It is important to understand the differences between “Put,” (HTTP PUT by a client) “Post,” (HTTP POST by a client) “Copy,” (through the S3 console or API) and “Complete Multipart Upload” (direct multipart upload from the client) since they all are considered “Object Created” events by S3.

 

If you want each of these event types to trigger your function, you can simply select the parent element in the dropdown list.

 

Testing

Testing

To make sure everything works, create a simple text file containing your name and upload it to S3. You can then navigate to the “Monitoring” tab within the Lambda console and see if your function executed.
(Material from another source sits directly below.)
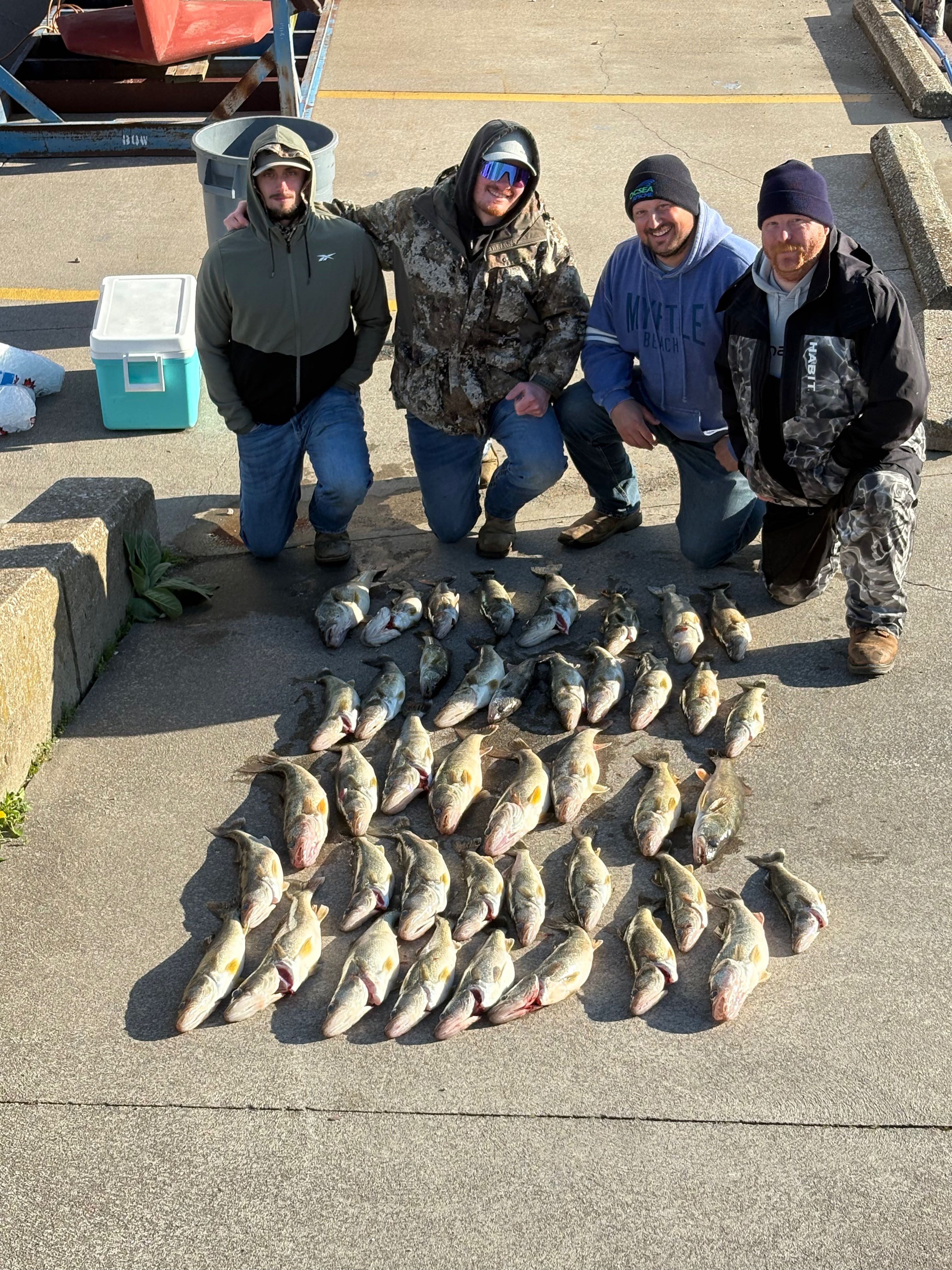 the wind was howling today but my 6 person charter prevaled!! 42 fish hit the deck and this crew had to amkw a run to Walmart to buy a bigger cooler for their fish!!!! We were doubled up many times throughout the day and even had 3 and 4 hooks ups at a time. the fishing in Lorain is as hot as its ever been. we brought in 3 fish Ohio(28 inches or longer)
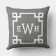 design na moda e travesseiro de sotaque quadrado moderno apresentam um design e um monograma de quadros geométricos de borda grego que podem ser personalizados. Cinzas e cores brancas. A cor de fundo pode ser modificada.

You can then click the link to be taken to CloudWatch Logs where you can see the full logs of your function’s execution.

 

When AWS Lambda Isn’t the Answer

As promised at the beginning of this blog, I will take a pause in the technical documentation for a bit to discuss the theory and hypotheticals involved when considering a switch to Lambda.

 

As I have mentioned, the event-driven computing model is one designed to solve a slightly different set of problems than traditional computing, but still shares some overlap. Working with Lambda requires a fundamental shift in the way developers treat the environment in which their code runs.

 

Host Access

Host Access

The first, and most obvious difference, between Lambda and traditional AWS setups is that access to the host instance is much more restricted. This affects everything from logging and monitoring to troubleshooting and development.

 

Previously, developers launching EC2 servers were essentially given free rein over the environment; they could SSH into the instance, download specific packages, utilize package managers, apply specific sets of updates, create periodic tasks, script workloads, and essentially have root or administrative access to a Linux or Windows server. With Lambda, none of this is true.

 

The concept of a “host” is abstracted away in favor of a code-focused development environment. While AWS has given us some clues into the actual host environment (an Amazon Linux AMI), everything else is quite opaque and access to this instance is severely restricted.

 

If you’re considering using Lambda, first ask the following questions:

  • Does your application rely on a heavily configured AMI?
  • Do you install multiple dependencies before running your application?
  • Do you frequently SSH into your host instances?
  • Does your application rely on native OS interaction (such as user accounts)?
  • Does your application require extensive testing or reconfiguration each time the host OS updates?
  • Do you tend to apply the latest OS patches and security updates minutes after they’re released?
  • Do you have multiple user accounts accessing your host instance via SSH/Telnet/some other protocol?
  • Do you require the ability to directly access system, access, and security logs of the host?
  • Does your application utilize utilities that change underlying OS settings or preferences (i.e. max open network connections, max file handlers, etc.)?

 

Do your auditing, compliance, or regulatory needs require you to save snapshots of the host OS during a security incident?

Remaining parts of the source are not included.